DANVERS – Eight residents of a nursing home in Danvers have tested positive for COVID-19, according to a message on the facility's website.
Hunt Nursing and Rehabilitation Center administrator Beth Barends said all residents who have tested positive or shown symptoms of the virus have been moved onto one unit.
"We remain in close communication with our residents and families throughout this unprecedented situation," Barends wrote in the message on Friday.
The situation at Hunt reflects the risks facing nursing homes as the coronavirus continues to spread. Older adults and people who live in nursing homes and long-term care facilities have a higher risk for severe illness from COVID-19, according to the Centers for Disease Control and Prevention.
In her statement, Barends said Hunt Nursing and Rehabilitation Center has enough personal protective equipment for its staff. She said the Massachusetts Department of Public Health and the Danvers Board of Health have been notified of the positive tests.
Barends said all residents at Hunt are checked for potential symptoms at least three times a day. In order to be tested, residents must be symptomatic or have a temperature over 100 degrees, she said.
Hunt Nursing, which is located on Lindall Street in Danvers, has 120 beds, according to the Nursing Home Compare website.
"Our primary concern is continuing to support our residents and staff while taking every measure to safeguard their health and safety," Barends wrote.
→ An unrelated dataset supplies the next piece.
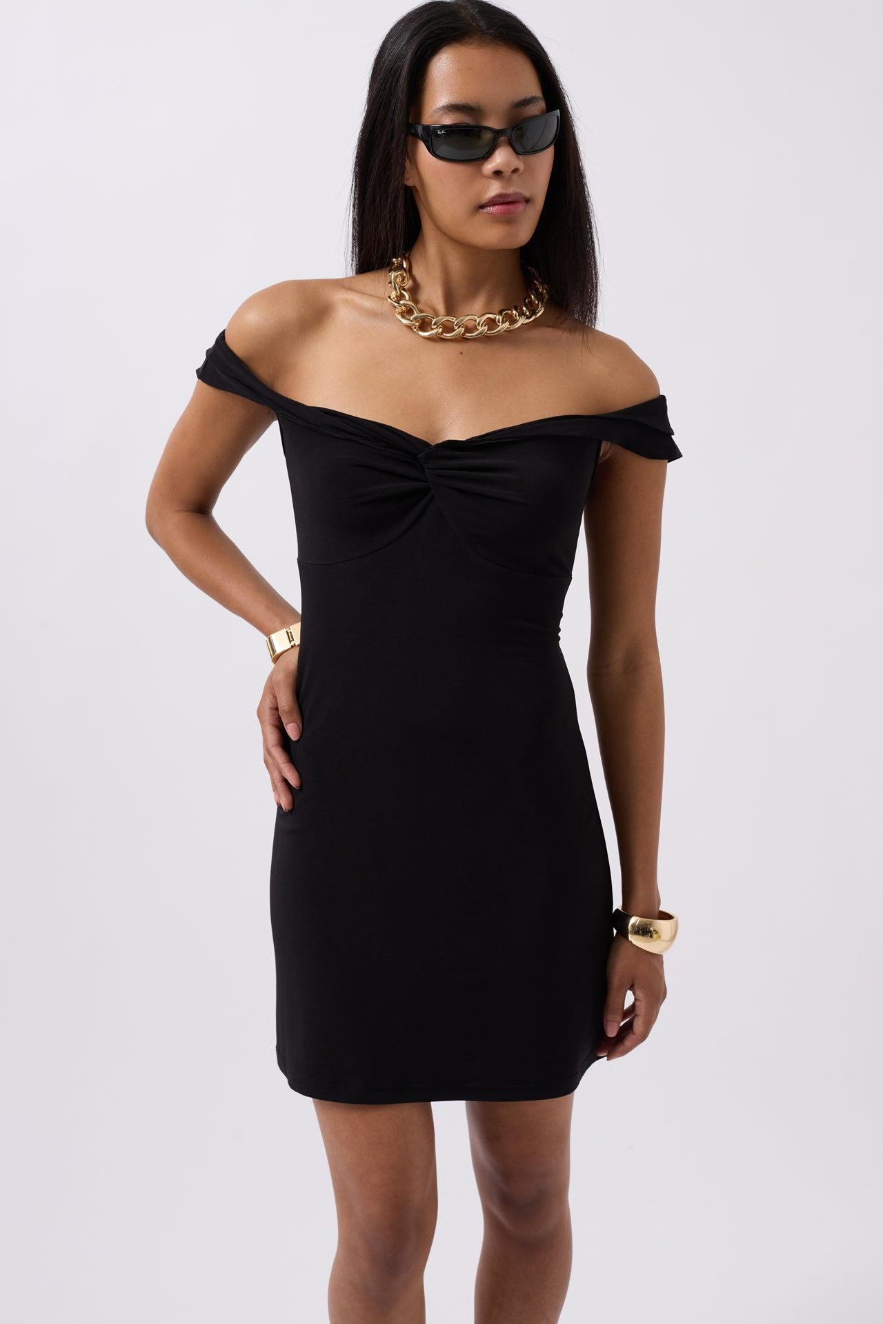 Büzgü Detay Omuz Askılı Mini Siyah Elbise ()

She could not be reach for comment on Sunday.
Rich Bane, the president of BaneCare Management, said these are "very challenging times" for all nursing homes. His company manages Ledgewood Rehabilitation and Skilled Nursing Center in Beverly and Seacoast Skilled Nursing and Rehabilitation Center in Gloucester. The facilities are owned by Beth Israel Lahey Health.
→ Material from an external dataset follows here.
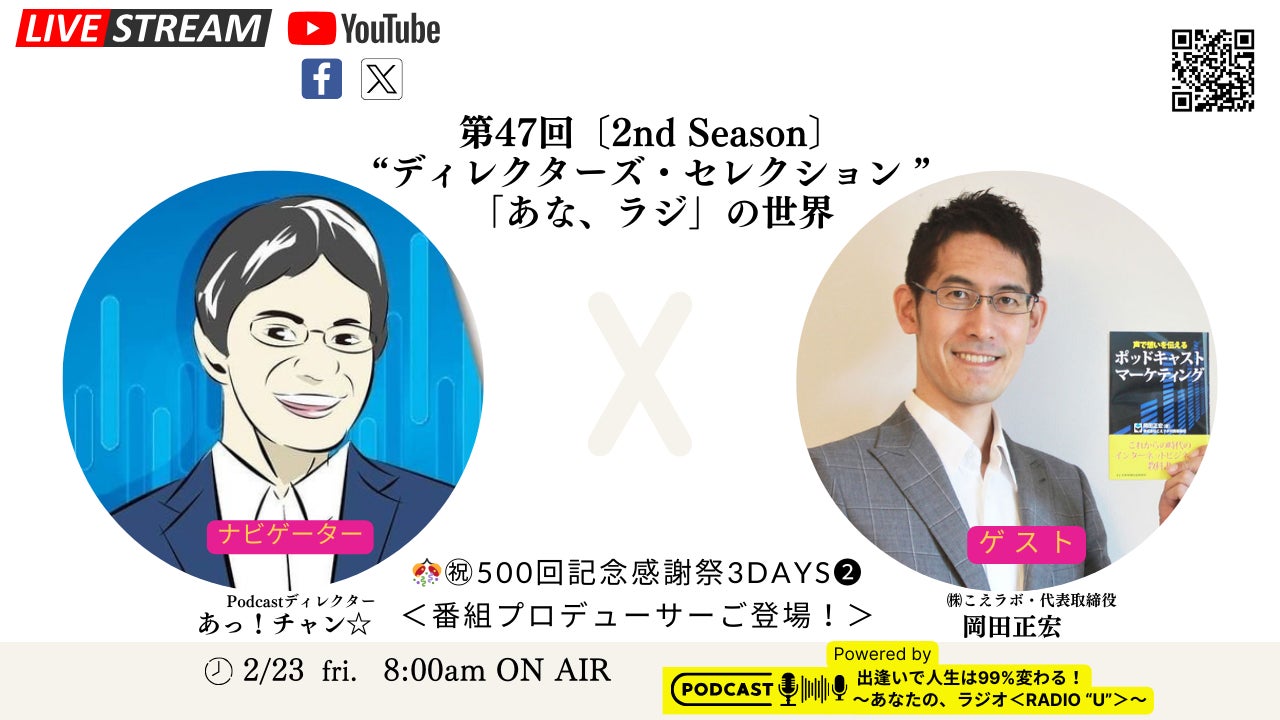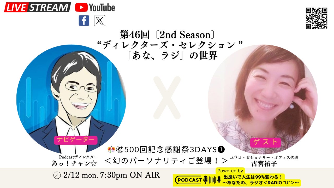 毎月満月の日は貴女(あなた)のパーソナルセラピス岩崎千尋が特別なゲストと共にお届けするアロマフォルマ月例編『満月セッション』満月毎日頑張る自分をいたわりながら、優しくケアをしてあげたいとき。月の力や【満月の特別セッション】を通じて、明日を生きるヒントにしていただけたら嬉しいです^^本日は2月24日㈯ 満月(21:31/おとめ座)第13回の<満月セッション>〔2nd Season〕【テーマ】ピンチをチャンスに!50代からの挑戦!ゲストは、X-mobile武蔵小山店店長 ・橋本 美幸 さま<<プロフィール>>★ビジョン誰もが、テクノロジーを活用して、毎日の生活を便利に楽しく、効率的に、趣味やいきがいをもって、健康で豊かなライフスタイルを実現するお手伝いをしたいと思っています。私自身が保護猫を飼っているのですが、保護猫活動の応援や、X-モバイルを通して、さまざまな応援活動ができるところも魅力の一つでX-モバイル武蔵小山店をオープンいたしました。★モットーお客様の気持ちや要望、信頼関係を大切にし、お客様に最適な解決方法を提供することを心がけています。【橋本さまとつながるSNS】・X-mobile武蔵小山店 HP ⇒【こちら】・X-mobile武蔵小山店 X(旧Twitter) ⇒【こちら】・X-mobile武蔵小山店 LINE公式アカウント ⇒【こちら】・荏原スマホパソコン教室 ブログ ⇒【こちら】・荏原スマホパソコン教室 LINE公式アカウント ⇒【こちら】橋本さまは2024年1月17日㈬「第30回 アロマフォルマ ~ビフォアフター編~」にゲストとしてご出演くださっています。橋本さまがご出演された第30回は【こちら】から聴いて頂けます。 是非とも聴いてください。=============================<<パーソナリティ・岩崎千尋さんのプロフィール>>東京の品川区西大井駅より徒歩5分、ステキな健康と美の完全個室の女性専用リラクゼーション&メンテナンスサロン「アロマフォルマ」のオーナー経営者で1児のママセラピストそして、「あな、ラジ」では3つの番組・岩崎千尋のアロマフォルマ https://anaraji.com/category/chihiro/・Dream Reflection ~音楽に香りを乗せて~ https://anaraji.com/category/chihiro/dream/・Kai運!わくわくコンパス ~未来(あした)の羅針盤~ https://anaraji.com/category/compass/をお持ちでご活躍中です。【「アロマフォルマ」とつながるSNS】・HP https://www.aromaforma.com・Facebook https://www.facebook.com/profile.php?id=100094463215145・Twitter https://twitter.com/aromaforma・Instagram https://www.instagram.com/aromaforma.chihiro?igshid=mil1aod3hq68・LINE公式アカウント https://lin.ee/ovWzP6x【「総合的」につながるSNS】・Linktree https://linktr.ee/aromaforma=============================<<アーカイブ配信中>>「イヴの約束2023 ~運命の待ち合わせ場所(ランデブーポイント)で~」

Bane said on Sunday that no residents of Ledgewood or Seacoast had yet tested positive for COVID-19.
"We are doing everything we can to protect our residents and staff from the virus," Bane said.
Bane said the biggest challenge for nursing homes is staffing and protective equipment. Residents and staff are monitored several times per day, he said.
"Our front-line staff are heroes in every respect and we are doing everything possible to support them as they provide the care to our residents who are certainly most vulnerable," he said.